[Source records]
--------------------------------------------------

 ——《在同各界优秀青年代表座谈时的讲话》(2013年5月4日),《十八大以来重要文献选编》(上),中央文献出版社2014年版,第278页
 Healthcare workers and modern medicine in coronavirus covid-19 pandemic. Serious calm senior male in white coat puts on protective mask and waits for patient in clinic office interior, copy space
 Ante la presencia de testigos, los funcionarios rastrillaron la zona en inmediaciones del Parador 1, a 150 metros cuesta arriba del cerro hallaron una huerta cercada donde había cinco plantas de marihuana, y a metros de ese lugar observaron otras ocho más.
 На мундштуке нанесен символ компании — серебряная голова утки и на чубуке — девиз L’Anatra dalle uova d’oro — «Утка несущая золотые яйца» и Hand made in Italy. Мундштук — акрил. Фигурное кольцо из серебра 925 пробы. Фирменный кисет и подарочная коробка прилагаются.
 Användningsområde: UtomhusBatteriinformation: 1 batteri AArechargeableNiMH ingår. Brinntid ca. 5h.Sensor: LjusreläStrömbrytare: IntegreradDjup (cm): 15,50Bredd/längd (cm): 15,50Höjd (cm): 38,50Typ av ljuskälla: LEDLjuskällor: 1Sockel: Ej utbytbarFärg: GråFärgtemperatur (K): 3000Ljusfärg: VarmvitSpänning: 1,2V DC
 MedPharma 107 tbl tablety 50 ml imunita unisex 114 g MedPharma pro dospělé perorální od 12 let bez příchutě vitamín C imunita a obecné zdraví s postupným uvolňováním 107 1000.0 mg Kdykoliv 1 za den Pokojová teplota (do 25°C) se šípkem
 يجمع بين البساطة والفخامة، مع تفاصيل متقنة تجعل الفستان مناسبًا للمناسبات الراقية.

--------------------------------------------------

▶ [GOAL OF THE EXERCISE]: Give the data back in full, exactly as written.

▶ [SOLUTION BELOW]:
 ——《在同各界优秀青年代表座谈时的讲话》(2013年5月4日),《十八大以来重要文献选编》(上),中央文献出版社2014年版,第278页
 Healthcare workers and modern medicine in coronavirus covid-19 pandemic. Serious calm senior male in white coat puts on protective mask and waits for patient in clinic office interior, copy space
 Ante la presencia de testigos, los funcionarios rastrillaron la zona en inmediaciones del Parador 1, a 150 metros cuesta arriba del cerro hallaron una huerta cercada donde había cinco plantas de marihuana, y a metros de ese lugar observaron otras ocho más.
 На мундштуке нанесен символ компании — серебряная голова утки и на чубуке — девиз L’Anatra dalle uova d’oro — «Утка несущая золотые яйца» и Hand made in Italy. Мундштук — акрил. Фигурное кольцо из серебра 925 пробы. Фирменный кисет и подарочная коробка прилагаются.
 Användningsområde: UtomhusBatteriinformation: 1 batteri AArechargeableNiMH ingår. Brinntid ca. 5h.Sensor: LjusreläStrömbrytare: IntegreradDjup (cm): 15,50Bredd/längd (cm): 15,50Höjd (cm): 38,50Typ av ljuskälla: LEDLjuskällor: 1Sockel: Ej utbytbarFärg: GråFärgtemperatur (K): 3000Ljusfärg: VarmvitSpänning: 1,2V DC
 MedPharma 107 tbl tablety 50 ml imunita unisex 114 g MedPharma pro dospělé perorální od 12 let bez příchutě vitamín C imunita a obecné zdraví s postupným uvolňováním 107 1000.0 mg Kdykoliv 1 za den Pokojová teplota (do 25°C) se šípkem
 يجمع بين البساطة والفخامة، مع تفاصيل متقنة تجعل الفستان مناسبًا للمناسبات الراقية.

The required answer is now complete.